## WORK INSTRUCTION:
Starting at the line that contains "The Charles County", write out each line through the end of the data below, exactly as it stands. Skip any pictures.

## EXERCISE DATA:
══════

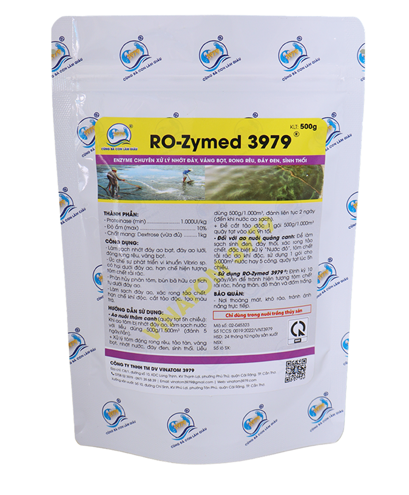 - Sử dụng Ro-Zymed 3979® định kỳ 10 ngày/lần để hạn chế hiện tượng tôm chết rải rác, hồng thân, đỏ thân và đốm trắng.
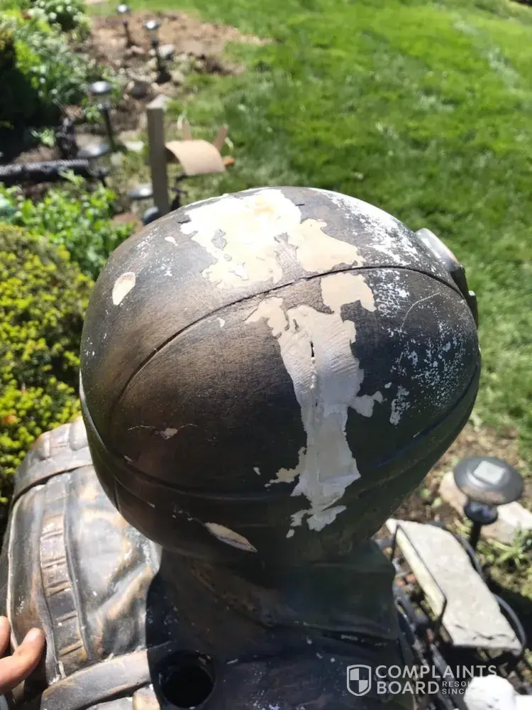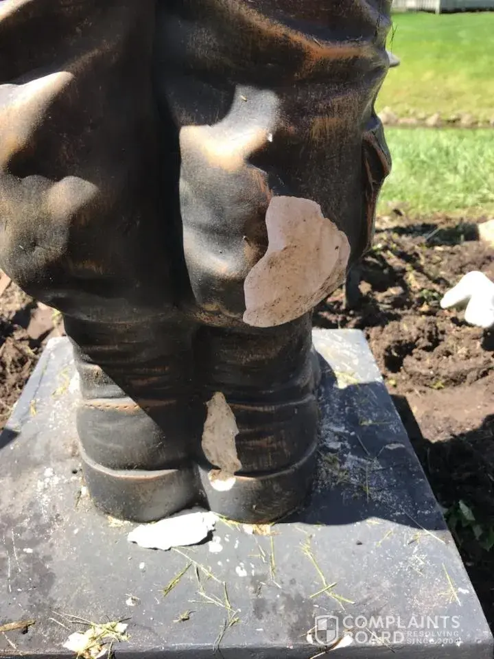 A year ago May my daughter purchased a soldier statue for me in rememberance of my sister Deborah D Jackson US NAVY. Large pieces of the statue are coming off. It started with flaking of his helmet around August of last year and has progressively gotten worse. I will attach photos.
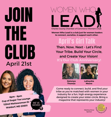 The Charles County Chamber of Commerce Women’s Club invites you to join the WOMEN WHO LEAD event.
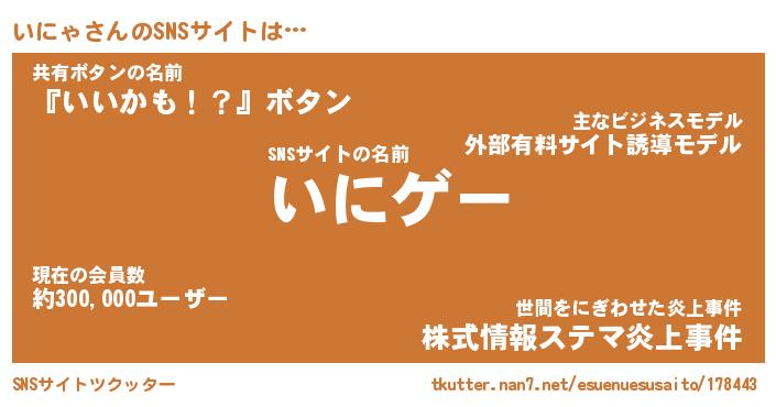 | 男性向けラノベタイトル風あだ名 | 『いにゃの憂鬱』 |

══════

## OUTPUT:
 The Charles County Chamber of Commerce Women’s Club invites you to join the WOMEN WHO LEAD event.
 | 男性向けラノベタイトル風あだ名 | 『いにゃの憂鬱』 |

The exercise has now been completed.